G3C

This document describes the procedure for using G3C package, creating required databases and script order.

For PERL script, several modules are required (go-db-perl in particular). All of this modules are available via CPAN. You should also notice that most of the scripts use a connection to a SQL database: you have to fill the $user (and $password if needed) field(s) in each script.

SUMMARY

  1. Perl modules
  2. Before runnig G3C
    1. G3C SQL BASE structure
    2. Get Group of similar GO terms file
  3. Running G3C and retrieved files structures
  4. Results files analyses
    1. G3C_Analyse
    2. G3C_keyword
    3. G3C_enrich_cluster_QTL.pl
    4. G3C_coregul
    5. G3C_generate_stat and G3C_generate_stat_IC
  5. Annexes : SQL Dump of the G3C database structure

1. Perl modules

Install the following PERL modules, in order to use every G3C scripts:

DBI — 1.609
BioPerl — 1.6.0
go-perl — 0.09
go-db-perl — 0.01
Digest::SHA1 — 2.11
Memoize — 1.01
PDL — 2.4.4
Statistics::Descriptive — 2.6
Statistics::Distributions — 1.02
Statistics::OLS — 0.07
Switch — 2.14
Getopt::Long — 2.38

2. Before runnig G3C

Create and fill G3C SQL database then generate similar GO terms groups (Group_SIM).

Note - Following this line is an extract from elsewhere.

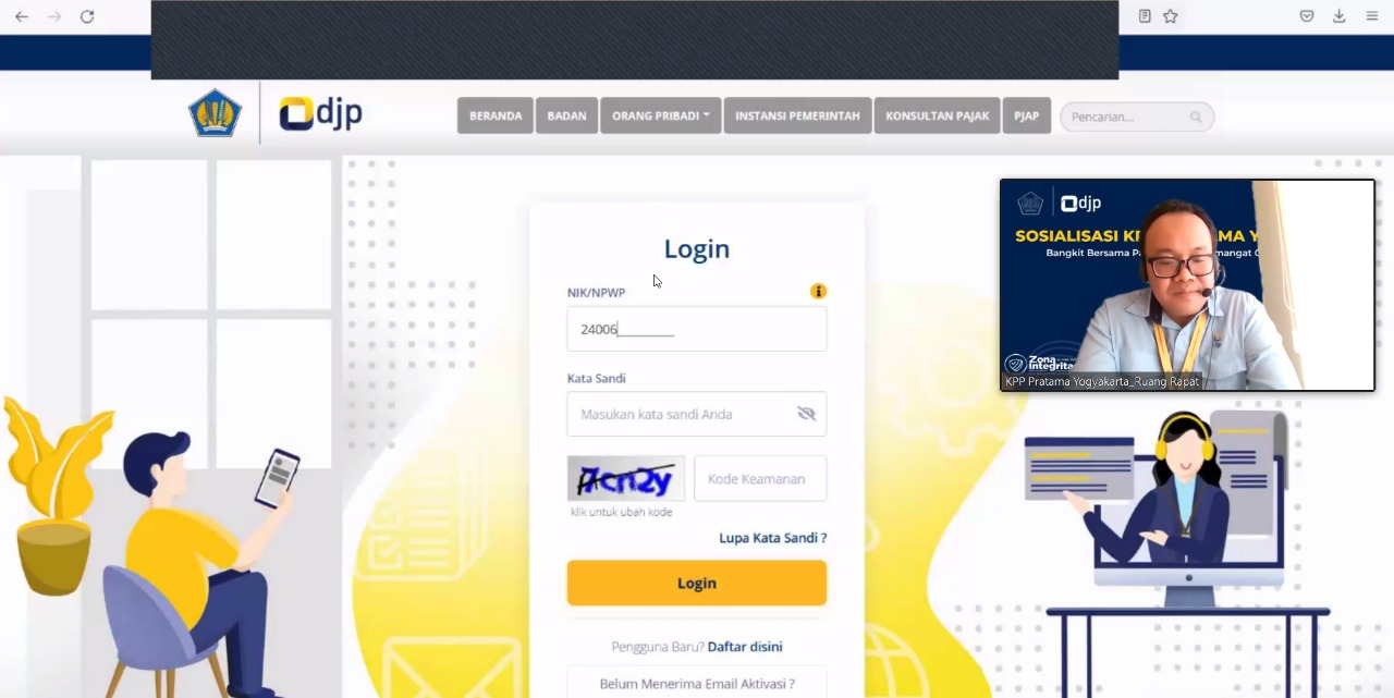 Sebagai strategi penyuksesan implementasi NIK sebagai NPWP, KPP Pratama Yogyakarta kembali menggelar sosialisasi daring bertajuk Pemutakhiran Data Mandiri dalam rangka Implementasi NIK menjadi NPWP Orang Pribadi (Rabu, 11/01).

2.1 G3C SQL BASE structure

These two tables have to be filled to run ‘G3C.pl’. Create a SQL database calle ‘G3C’ and two tables named ‘goa’ and ‘GoLoc’ with these structures.

‘goa’ table

This table allows to get all GO_ids for each gene product and each species in order to get GO terms for gene_id.

'goa' table structure
+---------------+---------------+-------+---------+
| Field		| Type		| Null	| Default |
+---------------+---------------+-------+---------+
+db	    	+ varchar(40)	+ Yes	+ NULL	  +
+db_id		+ varchar(60)	+ Yes	+ NULL	  +
+db_symbol	+ varchar(60)	+ Yes	+ NULL	  +
+go_id		+ varchar(20)	+ Yes	+ NULL	  +
+go_ref		+ varchar(50)	+ Yes	+ NULL	  +
+evidence	+ varchar(10)	+ Yes	+ NULL	  +
+go_class	+ varchar(3)	+ Yes	+ NULL	  +
+name		+ varchar(200)	+ Yes	+ NULL	  +
+goa_species	+ varchar(60)	+ Yes	+ NULL	  +
+IPI_id		+ varchar(20)	+ Yes	+ NULL	  +
+---------------+---------------+-------+---------+

Download the gene_association.goa_species.gz files foreach analyzed species on the EBI FTP interface (ftp://ftp.ebi.ac.uk/pub/databases/GO/goa/).
Then unzip the files in a directory and run the PERL script :

g3c_sql_goa.pl -f file1 -f file2...

‘goa’ table must be filled before filling GoLoc.

‘GoLoc’ table

This table allows to store location informations and go_id for each genes.

'GoLoc' table structure
+---------------+---------------+-------+---------+
| Field		| Type		| Null	| Default |
+---------------+---------------+-------+---------+
+ species	+ varchar(60)	+ Yes	+ NULL	  +
+ go_class	+ varchar(10)	+ Yes	+ NULL	  +
+ go_id		+ varchar(20)	+ Yes	+ NULL	  +
+ symbol	+ varchar(60)	+ Yes	+ NULL	  +
+ IPI_id	+ varchar(20)	+ Yes	+ NULL	  +
+ chr		+ varchar(10)	+ Yes	+ NULL	  +
+ start		+ varchar(20)	+ Yes	+ NULL	  +
+ end		+ varchar(20)	+ Yes	+ NULL	  +
+ strand	+ varchar(10)	+ Yes	+ NULL	  +
+---------------+---------------+-------+---------+

Download ipi.genes.SPECIE.xrefs.gz files foreach specie required on the EBI FTP interface : (ftp://ftp.ebi.ac.uk/pub/databases/IPI/current/) and unzip the files in a directory. Rename the files in order that species name is written as the same in the goa_species field in the goa table.
Then run GoLoc_g3c2sql.pl in this directory with this instruction :

g3c_sql_GoLoc.pl -f file1 -f file2...

In order to use G3C_Analyse and other G3C scripts you should create two more tables called ‘ensembl’ and ‘go’.

‘ensembl’ table

This table contains ENSEMBL informations foreach genes and is required to use G3C_Analyse.pl.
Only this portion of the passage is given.